UNH's InterOperability Laboratory makes sure latest innovations work
DURHAM — The InterOperability Laboratory is referred to by some as one of the best kept secrets at the University of New Hampshire.
For 25 years, the independent test site for new networking technologies has been employing students, working with industry leaders from IBM to Microsoft and bringing engineers and company representatives from around the world into Durham.
On Monday, the UNH-IOL held an anniversary party at their 121 Technology Drive office, tucked inside the giant Goss International building at the west edge of campus.
"Our work here is always exciting, but we're really thrilled to share what we do with the broader UNH and New Hampshire community," UNH-IOL director Erica Johnson said.
The IOL is focused on helping companies test how their technology interoperates with other technology and how different systems work together, or interoperability.
Cisco started using the UNH-IOL around 2003, and senior product manager Ric Chavez said at that time the IOL was really establishing itself as an industry leader.
He said Cisco continues to work with the lab because it has a significant impact on their business.
"We know there is a real return on our investment," Chavez said.
Cisco has 19 separate districts that pay out of their own budgets for memberships to the IOL.
Chavez said they interviewed and compared hundreds of labs "and when the decision was made, far and away it was an easy choice."
"The business model of bringing in students is key to the work," he said, because Cisco knows they can manage the scale of testing they need.
The California-based company recently celebrated their 100th product tested at the IOL.
"Those 100 products literally represent some of Cisco's highest revenue products," Chavez said. "We don't do it just for fun.
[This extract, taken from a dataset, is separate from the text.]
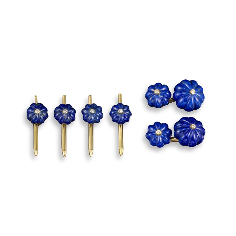 A lapis lazuli and diamond dress set, comprising cufflinks and four buttons, the fluted lapis lazuli beads each set with a diamond in yellow gold

This is real business for Cisco."
The UNH-IOL is self-funding and employs about 120 undergraduate students in the 32,000-square-foot space. The students are mentored by industry leaders, faculty members and older peers.
There is a plan in the works to move the UNH-IOL downtown, where it will be more visible and where Durham's amenities will be more accessible to the many visiting engineers and company representatives that use the lab.
Bob Russell is a professor of computer science at the university but said the IOL provides opportunities for all kinds of students. Student employees at the IOL are often computer science or electrical engineering majors, but they also come from other disciplines, including at least one zoology/psychology major.
"We don't expect they know much about the innards of networking, they just have to be interested in it," Russell said. "We put them to work and we train them."
It provides a good, full-time summer job for students and flexible opportunities during the academic year.
Students are involved when engineers from different companies connected through similar technologies come in to test and compare.
"Most students get jobs before they even graduate and when they go to industry they don't need to be trained," Russell said.
He said given the constantly evolving technology, he thinks there will be a role for the IOL for the foreseeable future.
UNH sophomore Jeremy Hochschwender, 19, of Rye, chose to attend UNH because of the IOL, and began working there the summer before he began college.
"I wanted somewhere I could get real world experience with real world companies," Hochschwender said.
He said it has been an "amazing experience" working with different mobile technology companies on emerging technologies and expects to work in the field when he graduates.